Классическая лингвистика склонна была понимать язык как константную структуру, доступную все членам общества. Это положение покоилось на ряде утверждений.

Первое, означающее и означаемое в языке находятся в отношении строгой взаимной предопределенности.

Второе, вследствие этого языковые знаки поддаются одинаковой интерпретации со стороны членов языкового коллектива, т.е. понимаются одинаково и адекватно.

Третье, сами эти знаки предстают как пригодные для выражения любых мыслей, одинаково послушно и безразлично обслуживающие все слои и группы общества.

Язык – продукт коллективного творчества людей. Когда мы его осваиваем, он уже несет в себе все те смыслы, которые вкладывали в него до нас не одно поколение наших предшественников. Это означает, что в языке существуют не только общеобязательные нормы, но и различные социальные смыслы, появляющиеся в результате использования языка различными социальными слоями и группами населения. Эти смыслы приводят к тому, что единый национальный язык включает в себя различные способы знакового закрепления социокультурных норм, социолектов. Р. Барт обозначил эти социолекты термином «типы письма». «Письмо» понимается им как некая идеологическая система координат, «сетка», характерная для восприятия той или иной социальной группой или классом, как способ знакового закрепления социокультурных представлений. Все продукты языковых практик, все социолекты выработанные поколениями, классами, партиями и т.п., можно представить как склад различных видов «письма», откуда индивид вынужден заимствовать свой язык, а вместе с ним и всю систему ценностей и смыслов. Эта система координат опосредует отношение индивида к действительности и принуждает его видеть мир определенным образом, думать с помощью определенных категорий, видеть одни части мира и не замечать другие. Поэтому отдельный человек заимствует свой язык из различных типов письма, а типы письма определяют его картину мира. Слово несет в себе элемент отчуждения индивида от общества. В невинном на первый взгляд феномене письма Р. Барт смог обнаружить общественный механизм, обладающий такой же властной, принудительной силой, как и любое другое социальное явление. Чтобы преодолеть это отчуждение, необходимо менять внутренне устройство механизма словообразования, считал Р. Барт, или подвергнуть социально обусловленные способы словообразования наделения их вторичными смыслами объяснению. «Подвергнуть миф объяснению – вот единственный для интеллектуала способ борьбы с ним», считал Барт. Он рассматривал слово как знак. Для знака характерно наличие двух систем, первичной и вторичной, денотативной и коннотативной. Предметное значение знака называется денотативным, первичным. Знаки денотативной системы способны служить, в свою очередь, материальной опорой для вторичных означаемых, совокупность которых образует коннотативную систему знака. Например, при изучении английского языка усваивается не только значение отдельного слова, но и дополнительное представление о том, что это слово «английского» языка и т.д.

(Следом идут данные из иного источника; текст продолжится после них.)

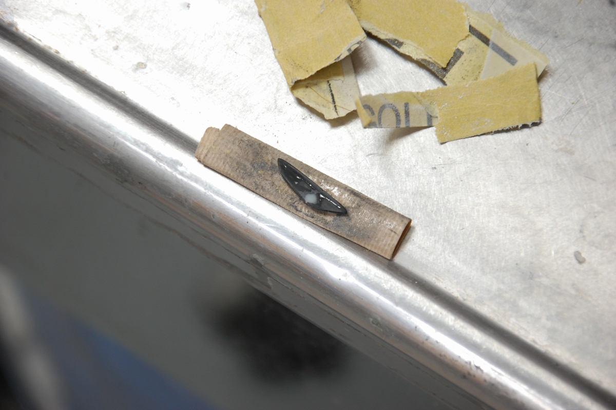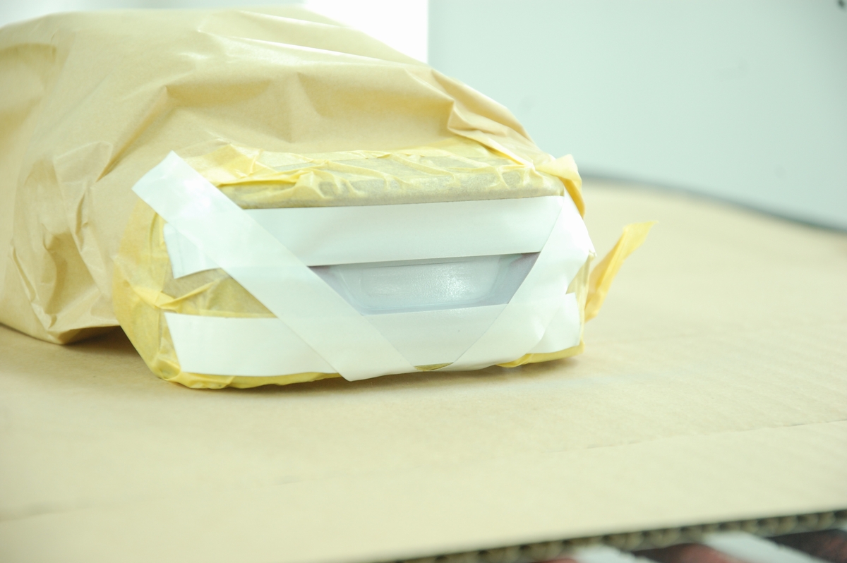 その後適当な木片に両面テープを貼り、外した注型レンズを仮止めしてペーパー掛けをして形を整えます。一回り小さく&角を取るような感じですね。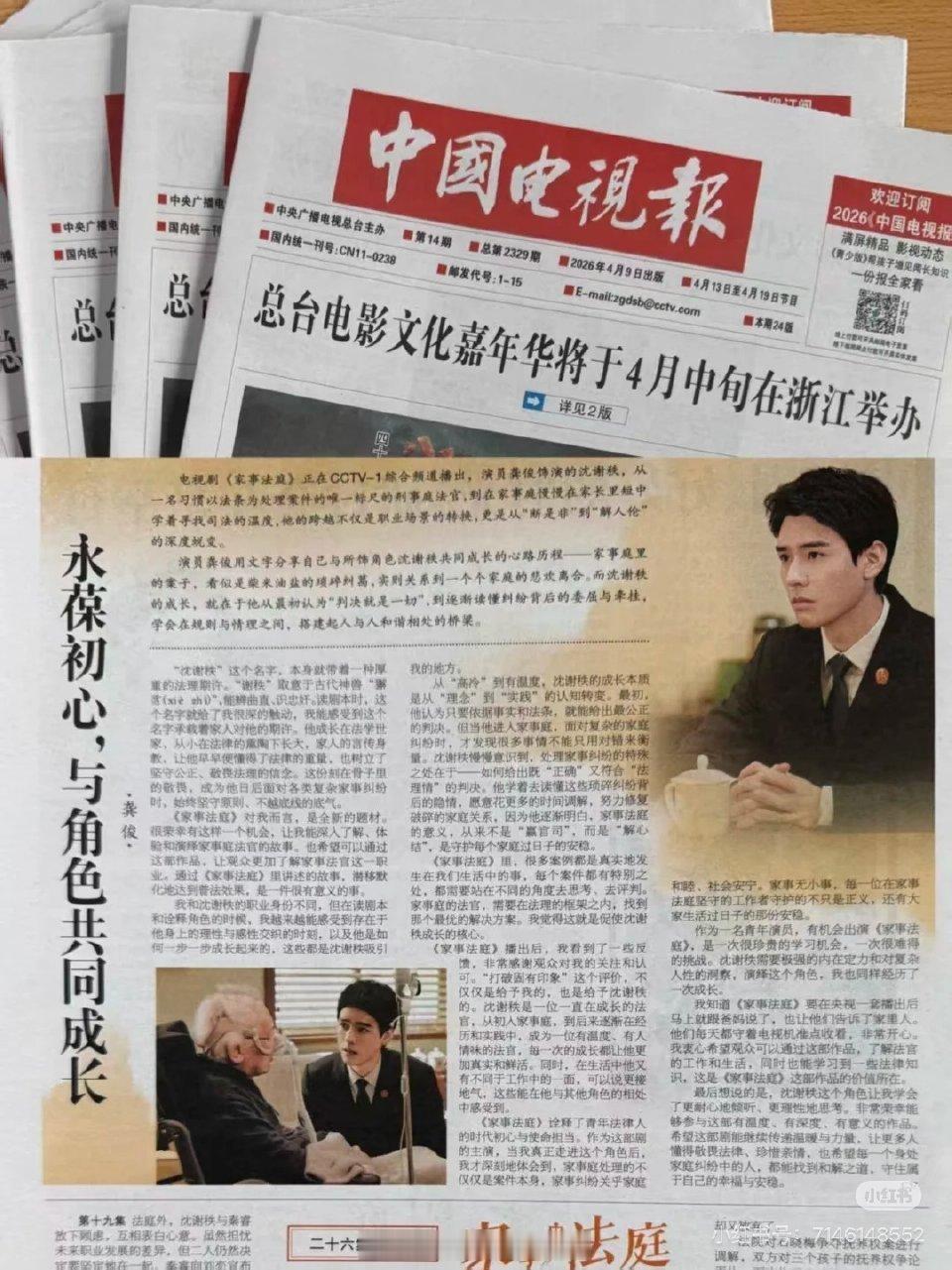 今天《中国电视报》单独报道了龚俊!家事法庭在央视总台播出,今天登中国电视报文章还

Коннотативные смыслы имеют несколько существенных характеристик:

Они способны прикрепляться не только к знакам естественного языка, но и к предметам, действиям, и становиться знаками-функциями.

Эти смыслы латентны. Они никогда прямо не называются, а лишь подразумеваются, и потому могут либо актуализироваться, либо не отражаться в сознании.

Коннотативные смыслы не имеют жесткой привязанности к знаку. Они могут переходить от одного знака к другому.

Эти смыслы диффузны. Один материальный предмет или знак естественного языка может иметь несколько коннотативных означаемых, и наоборот, одному означаемому может соответствовать несколько денотативных знаков-носителей, так что слой коннотативных означаемых может быть рассеян по всему дискурсу.

Коннотативные значения агрессивны. Они не ограничиваются сосуществованием с денотативными знаками, а стремятся подавить их значение или вытеснить из текста.

Выделение дополнительных значений, которыми наделяются слова, позволили Р. Барту иначе решить проблему образования мифа. Миф, согласно его концепции, есть «совокупность коннотативных означаемых, образующих латентный идеологический уровень дискурса». Мифологическое сообщение не обязательно должно быть устным: это может быть письмо или изображение; и письменная речь, а также фотография, кинематограф, репортаж, спортивные состязания, зрелища, реклама могут быть материальным носителем мифического сообщения. Назначение мифа двояко. С одной стороны, он направлен на деформацию реальности, имеет целью создать такой образ действительности, который совпадал бы с ценностными ожиданиями носителей мифологического сознания. С другой стороны, миф озабочен сокрытием собственной идеологичности, поскольку всякая идеология стремится к тому, чтобы ее воспринимали как единственно допустимое изображение мира. Поэтому миф стремится к тому, чтобы выглядеть не «продуктом культуры», т.е. искусственным созданием, а «явлением природы», естественным продуктом. Миф паразитирует на идеологически нейтральных знаках естественного языка, что упрощает его освоение. Барт рассматривает миф как «похищенный язык». Миф использует естественный язык для передачи вторичных смыслов.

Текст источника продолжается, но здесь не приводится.